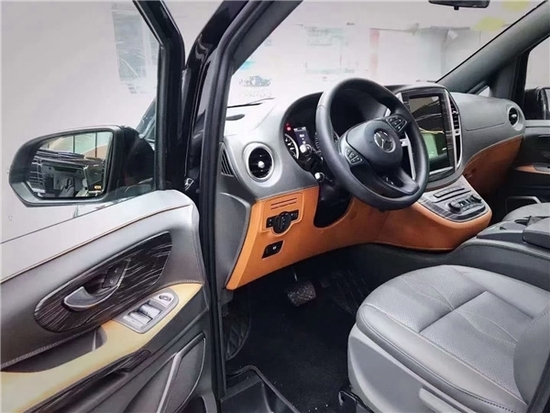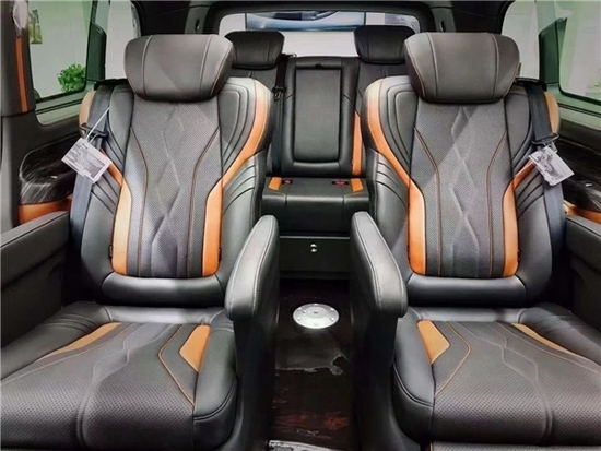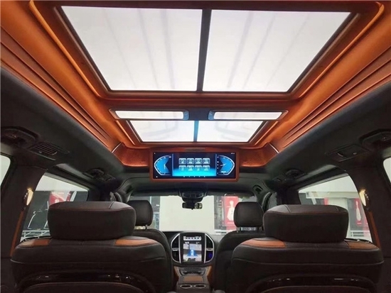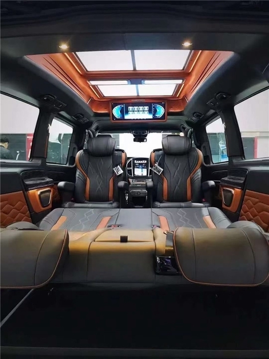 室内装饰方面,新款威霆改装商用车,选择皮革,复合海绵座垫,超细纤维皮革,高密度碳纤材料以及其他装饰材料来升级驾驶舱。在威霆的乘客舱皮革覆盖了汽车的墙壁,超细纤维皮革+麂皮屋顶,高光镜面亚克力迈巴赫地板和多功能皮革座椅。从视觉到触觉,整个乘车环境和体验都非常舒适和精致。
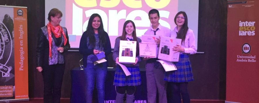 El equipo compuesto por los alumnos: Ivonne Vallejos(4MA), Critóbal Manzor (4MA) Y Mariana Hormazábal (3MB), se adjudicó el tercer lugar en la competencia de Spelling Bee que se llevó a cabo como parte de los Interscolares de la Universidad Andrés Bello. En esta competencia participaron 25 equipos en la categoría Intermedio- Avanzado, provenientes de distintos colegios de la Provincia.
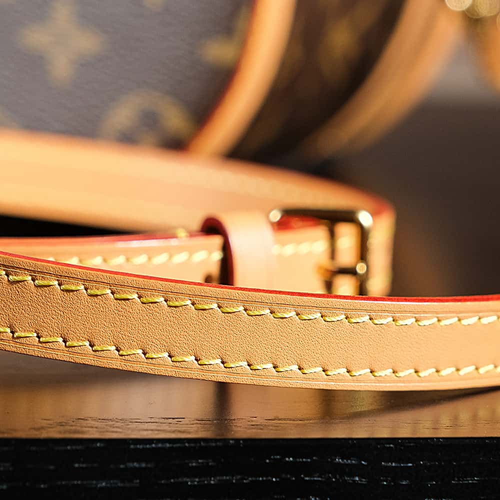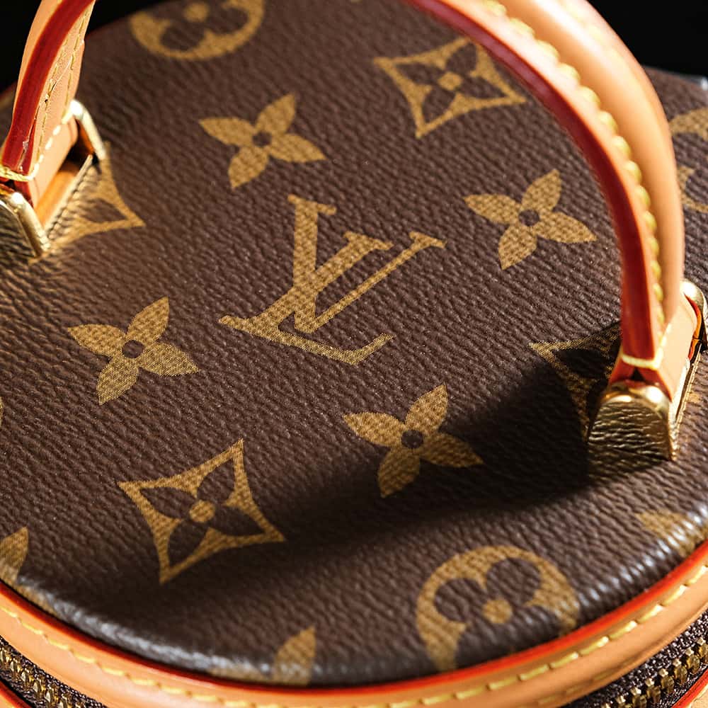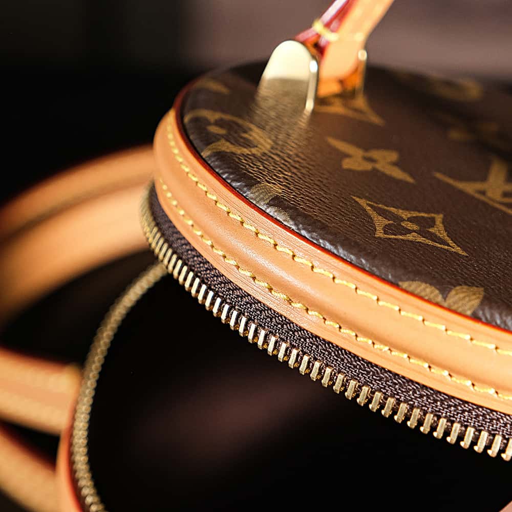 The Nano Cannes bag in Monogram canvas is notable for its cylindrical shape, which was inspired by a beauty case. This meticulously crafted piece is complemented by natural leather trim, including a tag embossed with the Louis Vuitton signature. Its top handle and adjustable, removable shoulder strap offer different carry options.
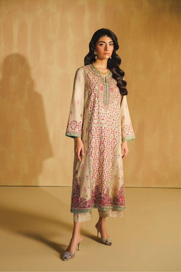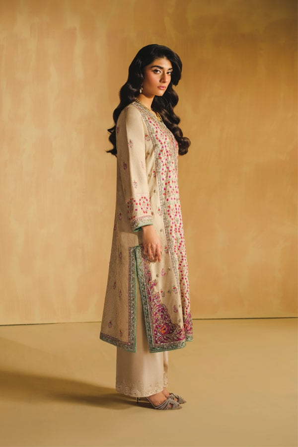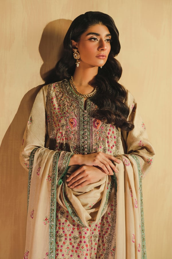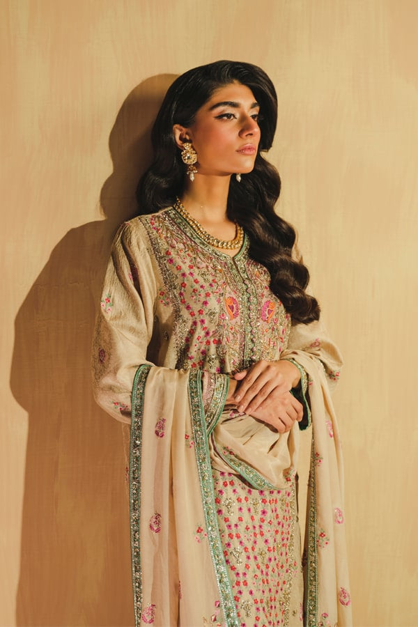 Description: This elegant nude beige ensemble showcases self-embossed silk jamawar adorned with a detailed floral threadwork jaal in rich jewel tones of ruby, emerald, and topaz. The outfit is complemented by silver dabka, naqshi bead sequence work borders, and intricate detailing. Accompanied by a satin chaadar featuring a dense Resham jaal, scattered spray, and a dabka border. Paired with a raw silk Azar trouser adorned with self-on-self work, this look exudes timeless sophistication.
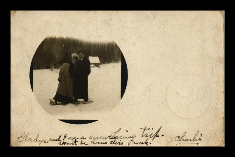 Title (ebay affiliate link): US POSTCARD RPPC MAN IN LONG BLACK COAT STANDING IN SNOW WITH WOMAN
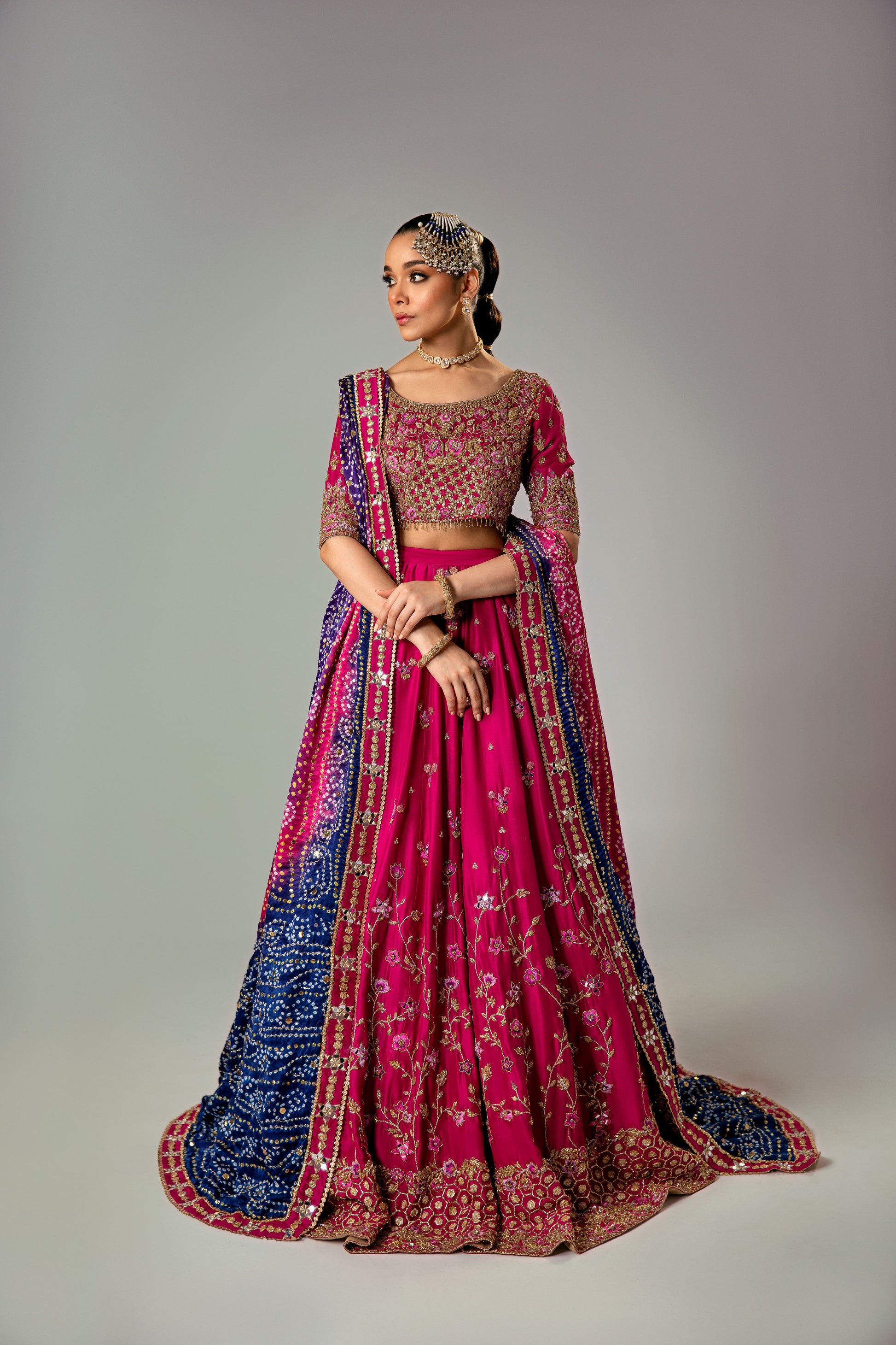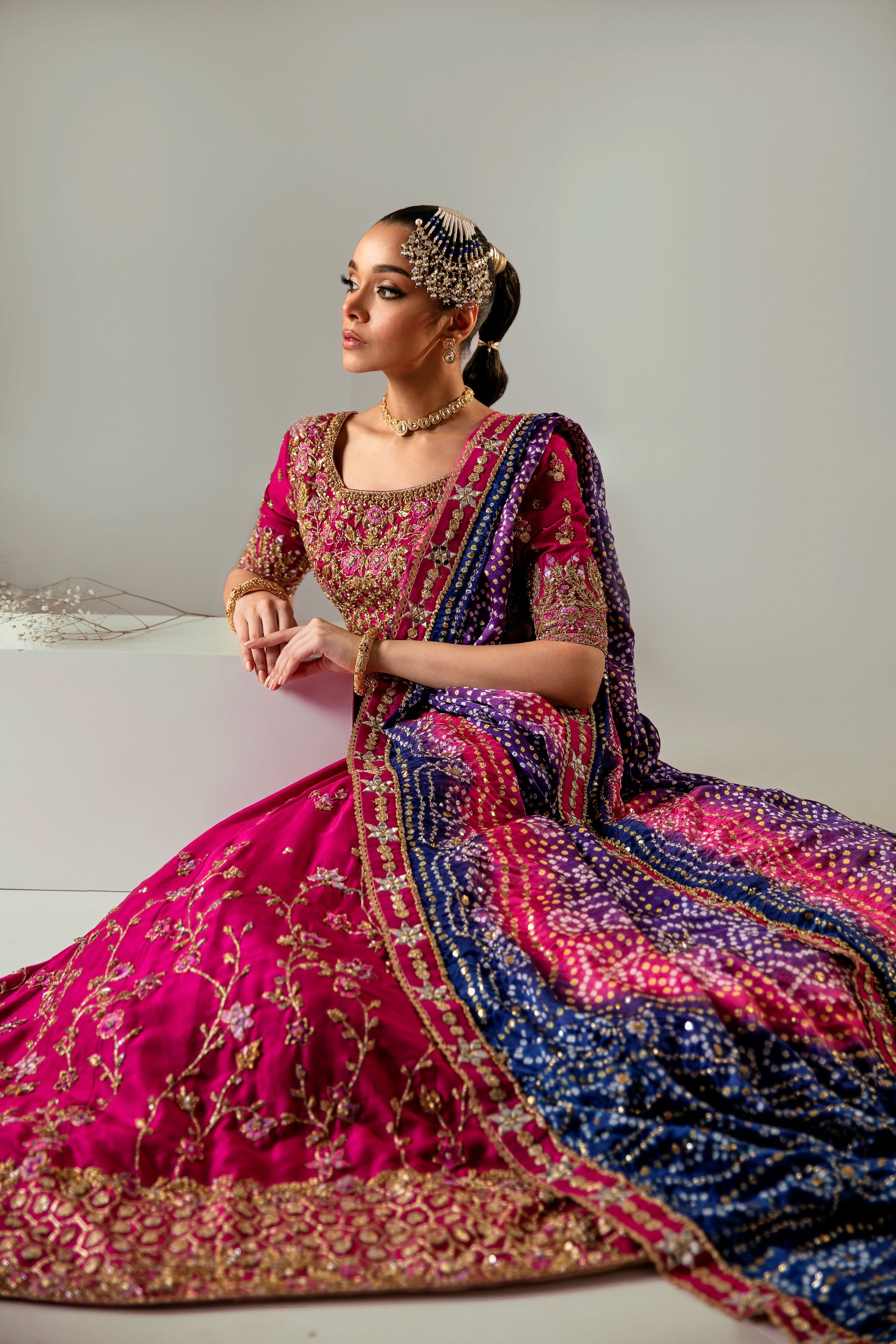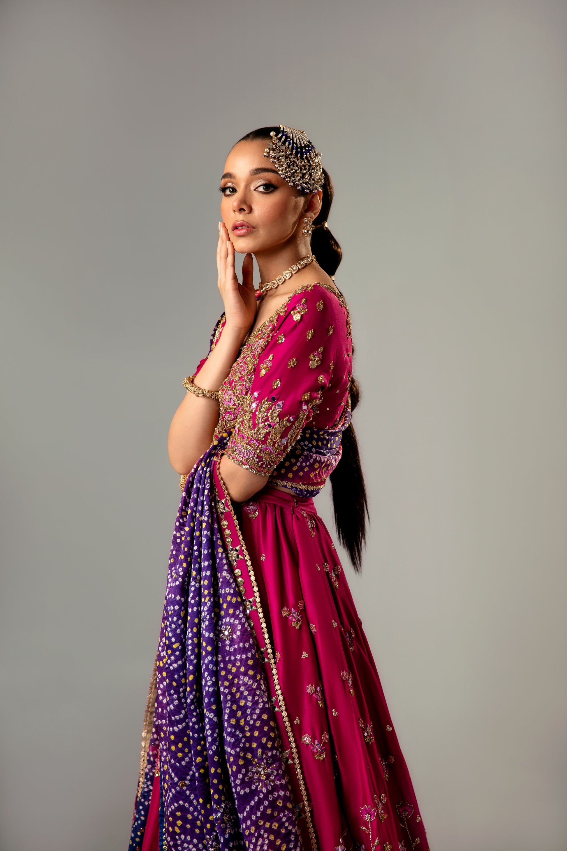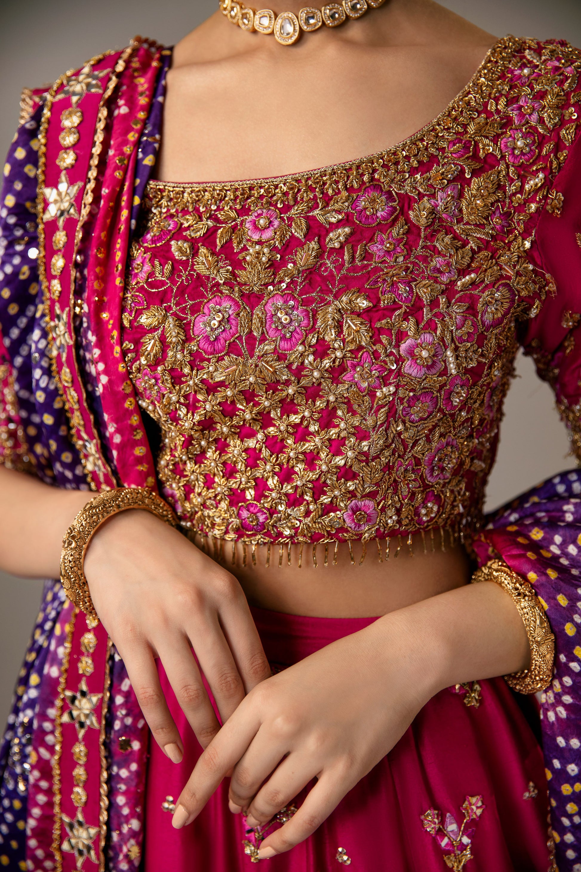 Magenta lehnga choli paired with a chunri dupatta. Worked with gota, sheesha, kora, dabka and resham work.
***
# Exercise requirements
Nothing but the lines from the line holding "Description: This elegant" through the last line of the entries above is to be reproduced, exactly and without pictures.

# Expected answer
 Description: This elegant nude beige ensemble showcases self-embossed silk jamawar adorned with a detailed floral threadwork jaal in rich jewel tones of ruby, emerald, and topaz. The outfit is complemented by silver dabka, naqshi bead sequence work borders, and intricate detailing. Accompanied by a satin chaadar featuring a dense Resham jaal, scattered spray, and a dabka border. Paired with a raw silk Azar trouser adorned with self-on-self work, this look exudes timeless sophistication.
 Title (ebay affiliate link): US POSTCARD RPPC MAN IN LONG BLACK COAT STANDING IN SNOW WITH WOMAN
 Magenta lehnga choli paired with a chunri dupatta. Worked with gota, sheesha, kora, dabka and resham work.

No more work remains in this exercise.